Start of Dataset records

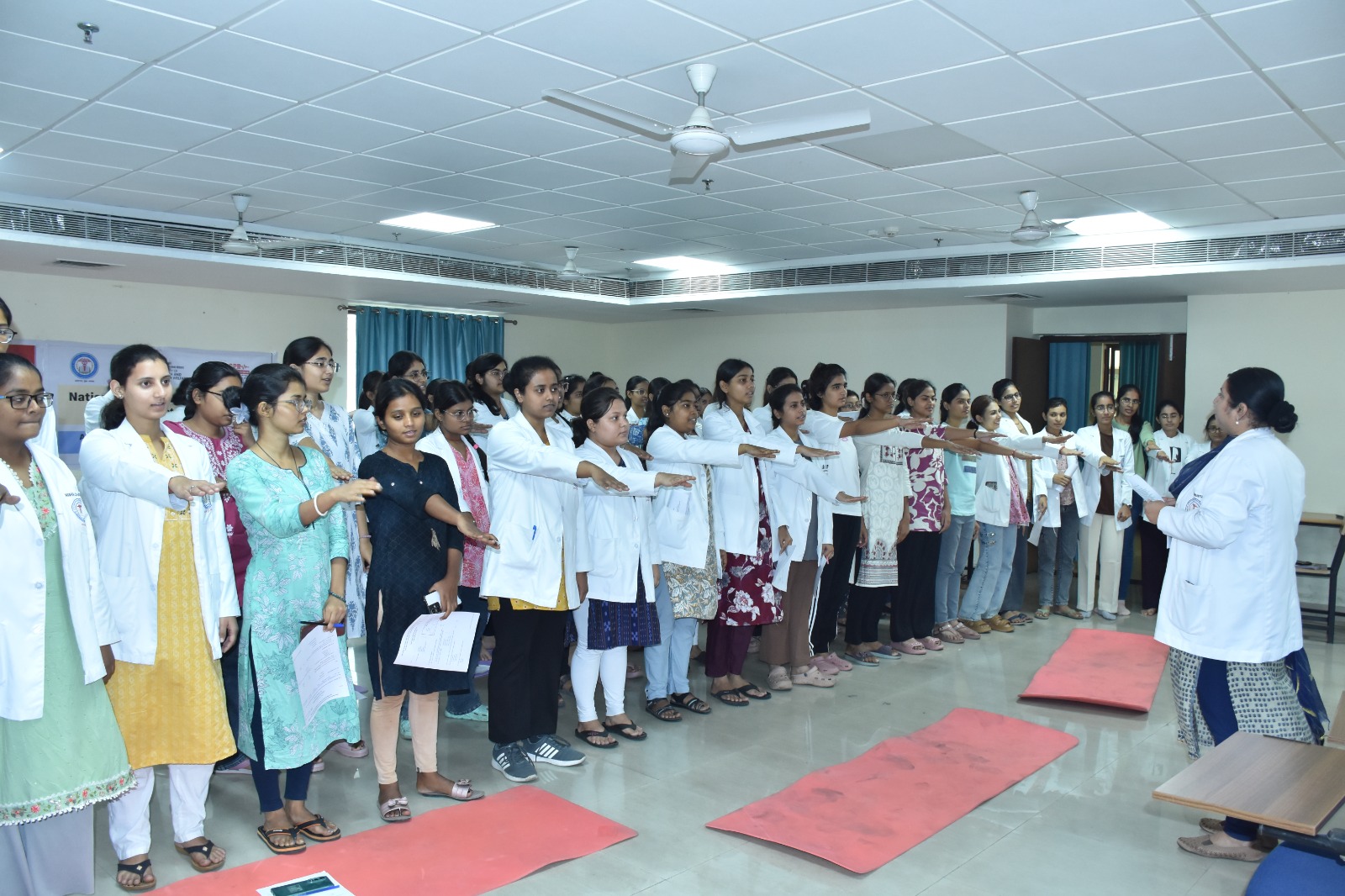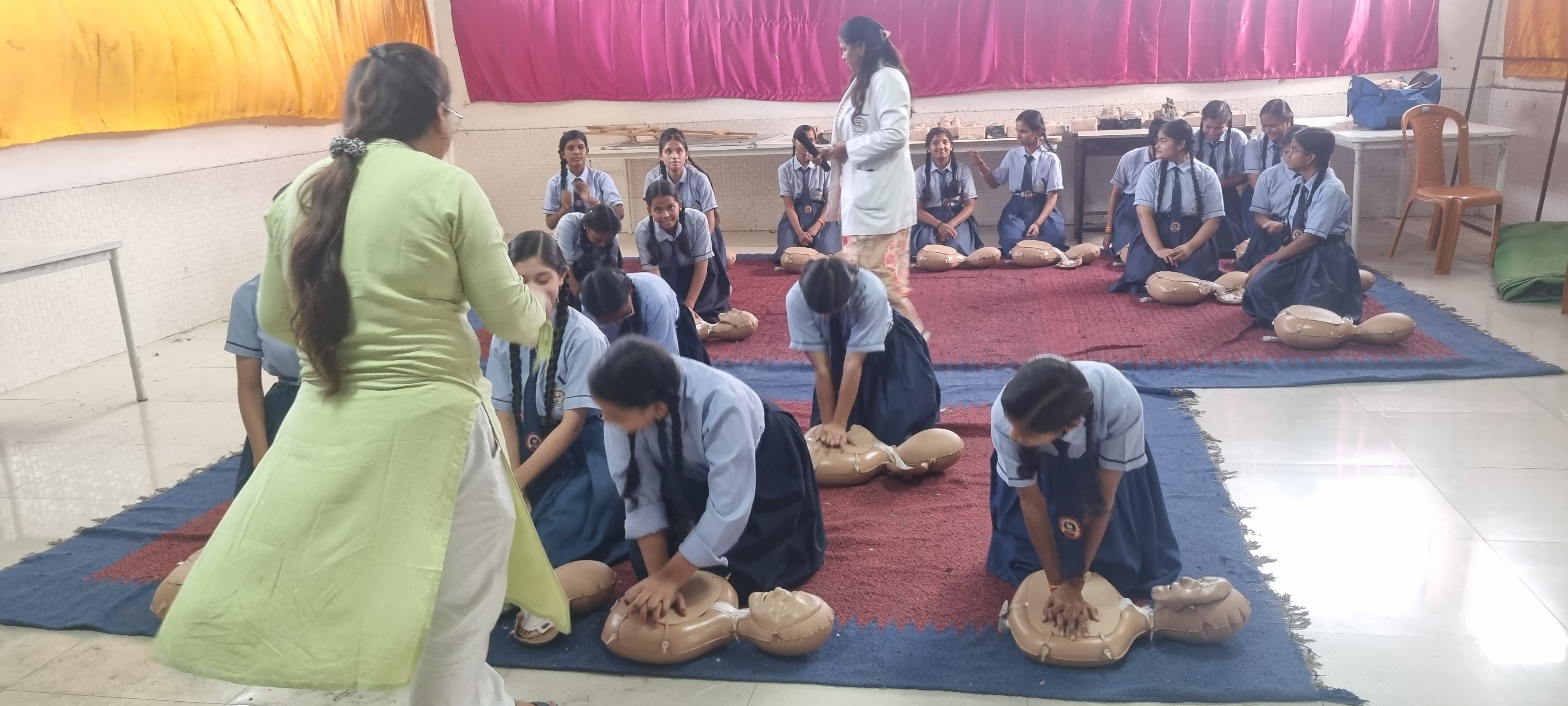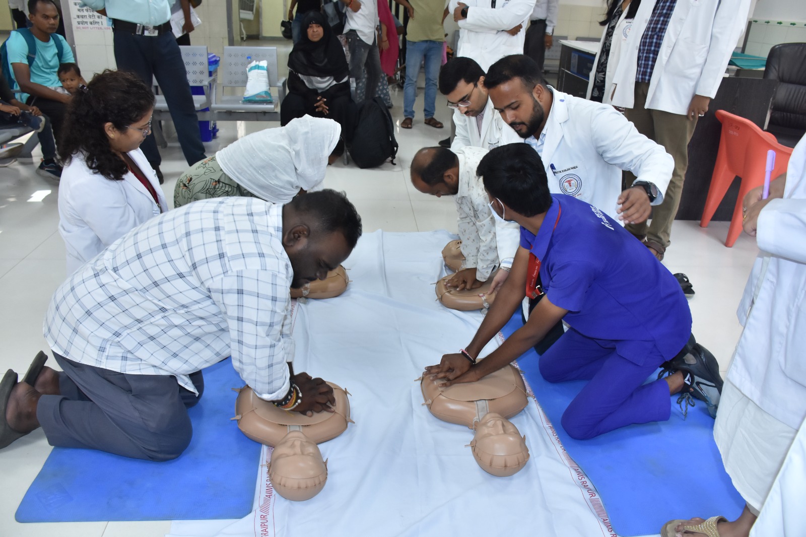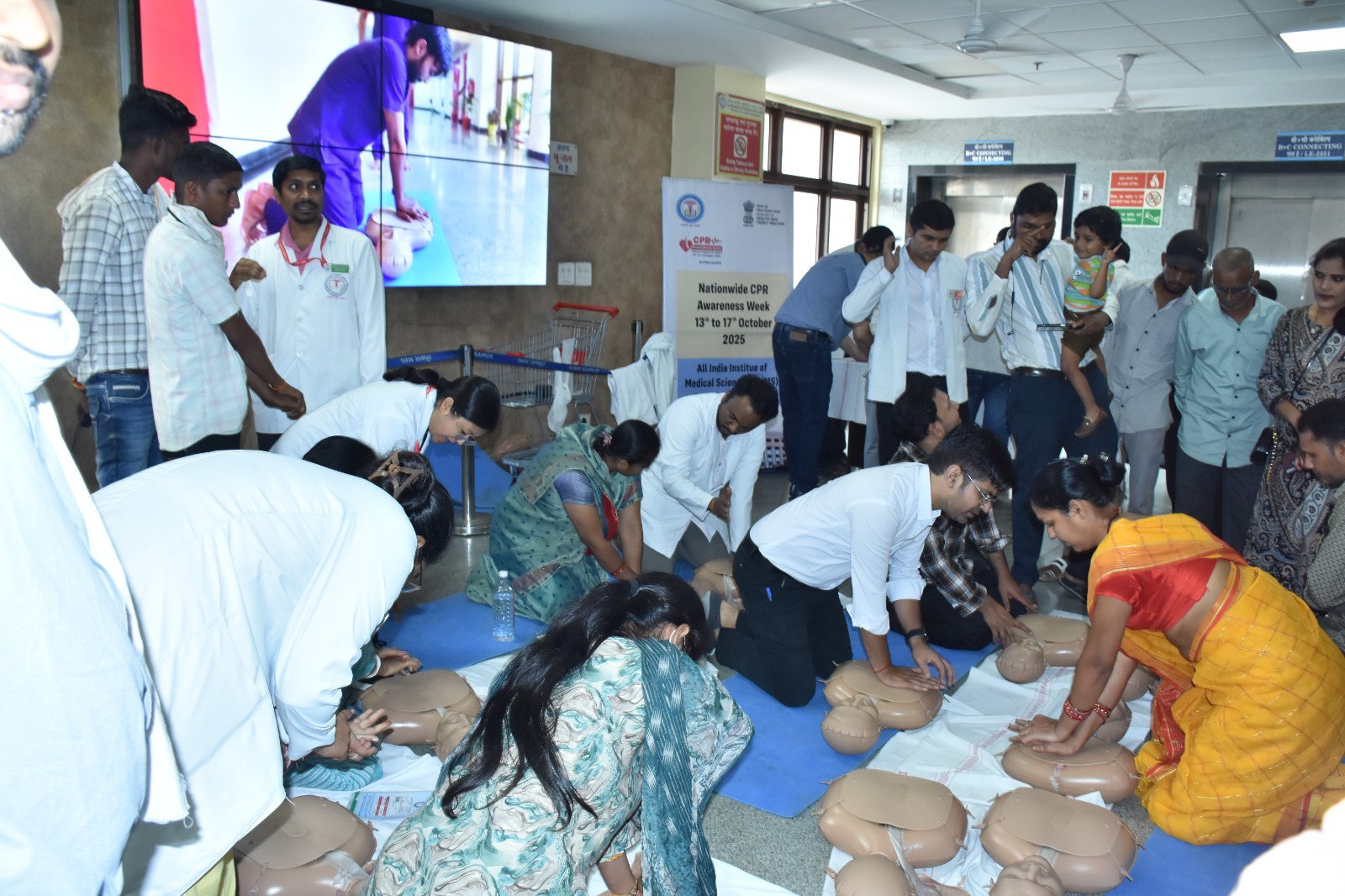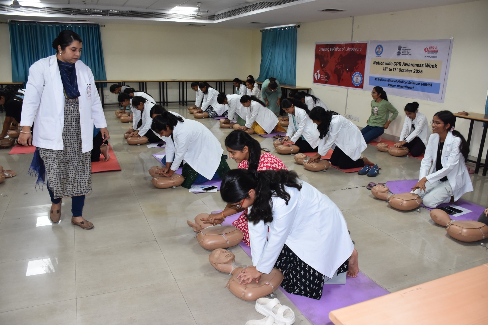 A Nationwide CPR Awareness Week from 13th to 17th October 2025 under the agies of Ministry of Health and Family Welfare was celebrated at AIIMS Raipur with full enthusiasm. Thisincluded a series of activities aimed at sensitization, training and community engagement. We have conducted following activities during this week • A CPR awareness booth was installed at the Registration Central Dome area, AIIMS Hospital for awareness of lay persons visiting OPD. Demonstration videos of Hands-only CPR were displayed on large LED Screen attracted the attention of lay persons visiting OPD throughout the week. Master trainers conducted Hands-Only CPR (HOCPR) training of OPD visitors at this booth. • Second CPR awareness booth was installed at AIIMS OPD screening Area to conduct HOCPR training of community members. People were very much interested to learn Hands-only CPR using Manikins. • Third CPR Awareness Booth was installed at UHTC, Ramnagar Raipur also attracted visitors attention. People learned HOCPR and practice it on Manikins there also. • Fourth CPR Awareness Booth was installed at RHTC, Civil Hospital, Kurud for HOCPR training of OPD visitors in rural set-up. • We organized HOCPR training for medical and nursing students, non-teaching staff as well as school children of Sages Shahid Smarak School, Raipur. • Cumulative number of participants trained in HOCPRthroughout this week was1545,One thousand, five hundred and forty five beneficiaries including OPD visitors,Medical students, Nursing students, Non-teaching staff, and School children. • We did live streaming online Pledge by Secretary, MOHFW on Day-1. Students of First Year MBBS 2025 batch and faculty members took pledge in gracious presence of Dean Academics, Prof (Dr) Eli Mohapatra.Live streaming of Panel discussion organized by MOHFW was done on Day-2. Our Executive Director & CEO, Lt Gen Ashok Jindal graced this occasion. • E-Poster and E-Slogan competition: We have organized E-Poster and E-Slogan competition on the theme, CPR techniques and importance of CPR/ need and role of bystander CPR for MBBS, Nursing, PG and PhD students. We have received good response from the students for this competition. Dr Anil Kumar Goel was the judge for these competitions.Chiranjeevee Gharde from PG /PhD group, Dhruv Nirapure and Pragnya Kumari from MBBS group and Sneha Bhardwaj from Nursing group won the prize in these competitions. • Concluding Ceremony: Role Play by MBBS students & Certificate Distribution A Role Play with theme of Awareness for Bystanders CPR was played by 2nd year MBBS students, Parinita, Hrishabh, Lakshy, Nilay and Puneet in Central Dome Registration area. People watched it with curiosity and practiced HOCPR after Role play.Certificates were distributed to the Winners of E-Poster and E-Slogan competition as well as students who performed Role play. Medical Superintendent, Dr Renu Rajguru and Additional MS Dr Nitin Borkar graced this Concluding ceremony. • The Nationwide awareness week was conducted under the guidance of our Executive Director and CEO, Lt Gen Ashok Jindal. A core committee of Dr DK Tripathi, HOD Trauma & Emergency Department, Dr Anil Kumar Goyal, HOD Pediatrics and Dr Jayshri R Ghate, Professor Physiology was formed for smooth conduction of this activity. Various faculty members of Trauma & Emergency Medicine Department Dr Naman Agrawal, Dr Chandan Kumar Dey; Physiology Department Dr Arunita Jagzape and Dr Dipali Chatur; CFM Department Dr Ashwini Katole, Ashish Khobragade, as well as SRs Veena, and Purva, along with JRs and interns supported the whole program. Nursing officers Mr Anish, Mrs Prakash Mr Sipa, Mr Ganesh, Mr Vijay, Mr Bhimrao, Mrs Prabha and many more nursing officers as well as project fellow Ms Archi Sahu conducted training at awareness booth as master trainers. TheMedical Superintendent, Dr Renu Rajguru, Additional MS Dr Nitin Borkar, Deputy MS, Dr Dibakar Sahu and Dr Nitin Kashyap helped in logistics. Overall program was coordinated by nodal officer Dr Jayshri R Ghate, from Physiology Department. • Thus it was a successful conductionNationwide CPR awareness week With regards Dr Jayshri R Ghate Nodal Officer Professor, Physiology AIIMS Raipur
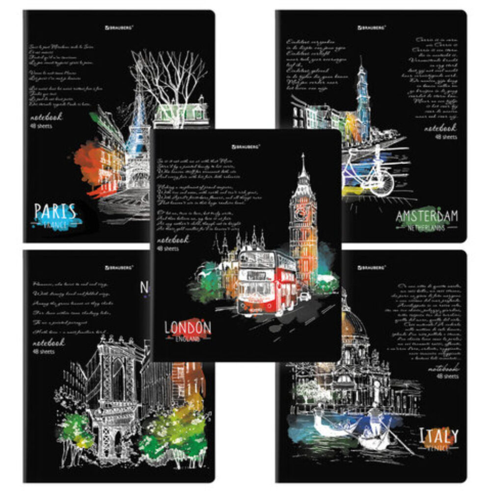 Тетрадь А5, 48 л., BRAUBERG, скоба, клетка, глянцевый лак, "Города" (микс в спайке), 404346 (арт. С404346)
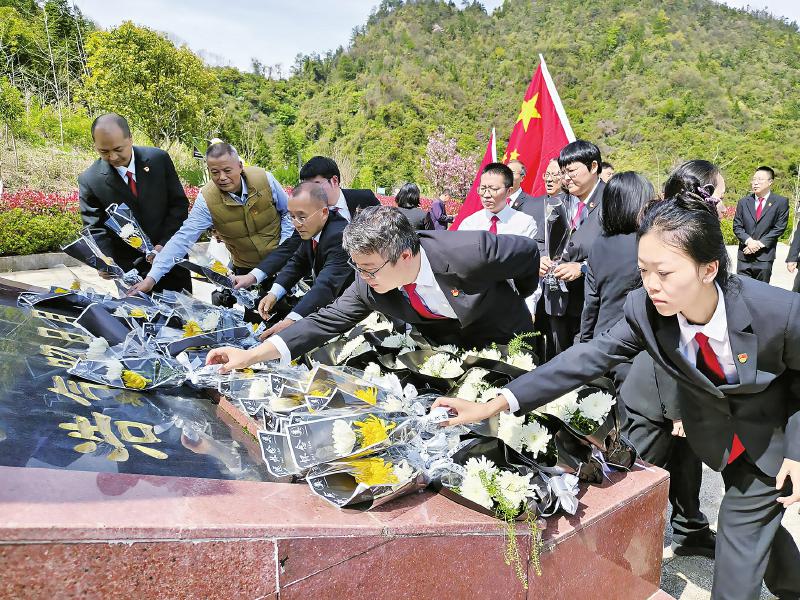 烈士陵园广场松柏苍翠,丰碑屹立。法院干警们肃立瞻仰,聆听讲解员讲述1933年红军战士在杨柳关浴血奋战的壮烈往事,向英烈默哀鞠躬、敬献鲜花,并重温入党誓词。步入陵园内,干警们清理落叶、杂草,轻轻擦拭碑面,并怀着敬意为一颗颗五角星描红。活动结束后,干警们纷纷表示,将把对革命先烈的崇敬之情转化为司法为民、公正司法的实际行动。
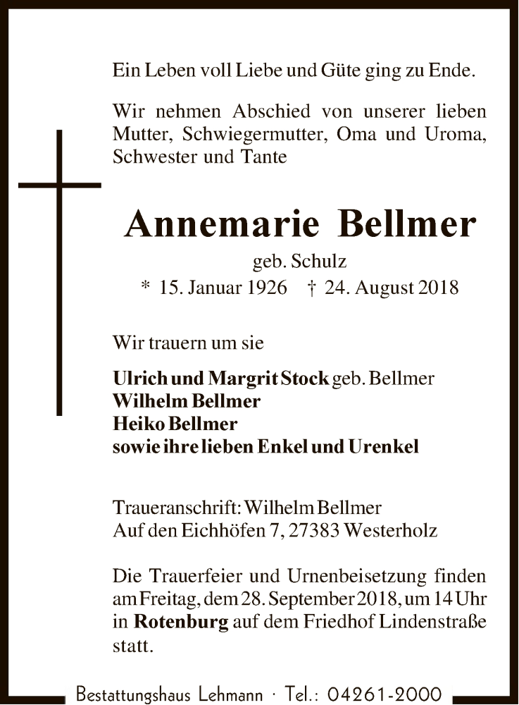 Hier finden Sie alle Traueranzeigen aus der Zeitung, die bisher für Annemarie Bellmer erschienen sind. Weitere Traueranzeigen, die in der Zeitung erscheinen, werden hier ebenfalls aufgelistet
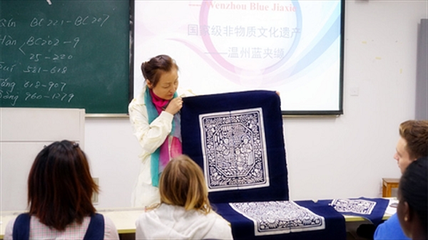 在拥有自己的作品的欣喜中,留学生们结束了一天的蓝夹缬博物馆之旅。此次活动是我校“中国语言文化实践体验”系列课程之一,课程涵盖了“知晓中国文化”、“体验温州特色”、“说汉语走温州”等模块,旨在促进留学生了解温州,加强留学生与温州民俗传承人之间的文化交流,营造高校国际化氛围,推动温州软实力的世界输出。

End of Dataset records

What the task requires
Retype, please, exactly the lines that begin with the one containing "Hier finden Sie" and end at the last line of the entries above, both included, leaving out pictures.

Response box
 Hier finden Sie alle Traueranzeigen aus der Zeitung, die bisher für Annemarie Bellmer erschienen sind. Weitere Traueranzeigen, die in der Zeitung erscheinen, werden hier ebenfalls aufgelistet
 在拥有自己的作品的欣喜中,留学生们结束了一天的蓝夹缬博物馆之旅。此次活动是我校“中国语言文化实践体验”系列课程之一,课程涵盖了“知晓中国文化”、“体验温州特色”、“说汉语走温州”等模块,旨在促进留学生了解温州,加强留学生与温州民俗传承人之间的文化交流,营造高校国际化氛围,推动温州软实力的世界输出。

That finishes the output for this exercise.